Active Dates 9/1/2023-8/31/2025
Program Area Environmental Systems Science
Project Description
Our understanding of current and future drivers of carbon cycling at ecosystem and global scales relies on the ability of Earth system models to accurately represent plant-environment interactions and feedbacks. While there is strong fundamental knowledge about how plant processes influence carbon cycling for many plant functional types, land surface models that inform Earth system models currently are unable to accurately characterize plant responses to environmental variability, especially dynamic and intra-annual responses to moisture availability. One group of plants that has a nearly ubiquitous terrestrial presence (found on all Earth’s continents) but has remained unrepresented in Earth system models is bryophytes (mosses and their relatives). Bryophytes regulate carbon cycling, storage, and biogeochemical responses to global change across many ecosystem types, and respond to precipitation in ways that are incredibly dynamic and functionally distinct from vascular plants. For these reasons, inclusion of a bryophyte plant functional type could dramatically improve carbon cycle forecasting. Due to increased recognition of the functional roles of bryophytes, much empirical data on bryophyte-carbon cycling processes now exist, but have yet to be synthesized to allow for parameterization and evaluation of a bryophyte plant functional type.

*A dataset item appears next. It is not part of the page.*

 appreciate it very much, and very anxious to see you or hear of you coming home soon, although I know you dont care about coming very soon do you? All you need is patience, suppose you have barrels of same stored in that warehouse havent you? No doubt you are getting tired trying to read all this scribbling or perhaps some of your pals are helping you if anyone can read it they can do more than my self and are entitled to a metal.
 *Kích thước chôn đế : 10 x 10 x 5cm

To improve the predictive understanding of how carbon cycling is influenced by hydrology and is responding to climate change, as well as to simultaneously advance our capacity to forecast carbon cycling contributions of bryophytes, we will conduct a global synthesis of bryophyte-carbon cycling processes, their drivers, and their responses to change. We will (1) leverage existing datasets to generate a database of bryophyte processes that relate to carbon cycling; and (2) elucidate, analyze, and test key relationships between bryophyte functional processes and environmental variables suitable for inclusion into Earth system models and development of a novel bryophyte plant functional type. To accomplish these aims, we will select focal plant process functions in the land surface model of the Energy Exascale Earth system model (E3SM), collect data from published literature and long-term experiments to build a bryophyte database, and conduct a meta analysis to determine statistical relationships between bryophyte parameters and function outputs. Based on these analyses, we will develop empirical relationships for bryophyte-carbon cycling by modifying parameters in existing E3SM functions and by developing novel functions for processes important for carbon cycling but unique to bryophytes and not yet represented in models. We will test and evaluate empirical relationships that can be used to predict or constrain bryophyte plant functional type traits, ultimately resulting in a complete set of functional relationships representing bryophyte-carbon cycling processes.

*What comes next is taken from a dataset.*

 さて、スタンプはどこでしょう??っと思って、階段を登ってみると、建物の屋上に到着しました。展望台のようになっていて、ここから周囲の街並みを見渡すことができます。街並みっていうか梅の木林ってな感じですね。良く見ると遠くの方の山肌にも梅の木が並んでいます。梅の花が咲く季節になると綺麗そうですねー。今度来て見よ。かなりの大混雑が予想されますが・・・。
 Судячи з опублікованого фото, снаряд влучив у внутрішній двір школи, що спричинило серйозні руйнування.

This project brings together researchers from plant ecology, biogeochemistry, and modeling disciplines in an iterative bi-directional modeler-empiricist collaboration to generate, evaluate, and calibrate model-relevant plant-environment relationships for a currently unrepresented category of terrestrial plants: bryophytes. The outcomes of this project will be (1) advanced capacity to forecast carbon cycling contributions of bryophytes, a globally important plant functional type; and (2) expanded predictive understanding of how carbon cycling is influenced by hydrology and responding to climate change.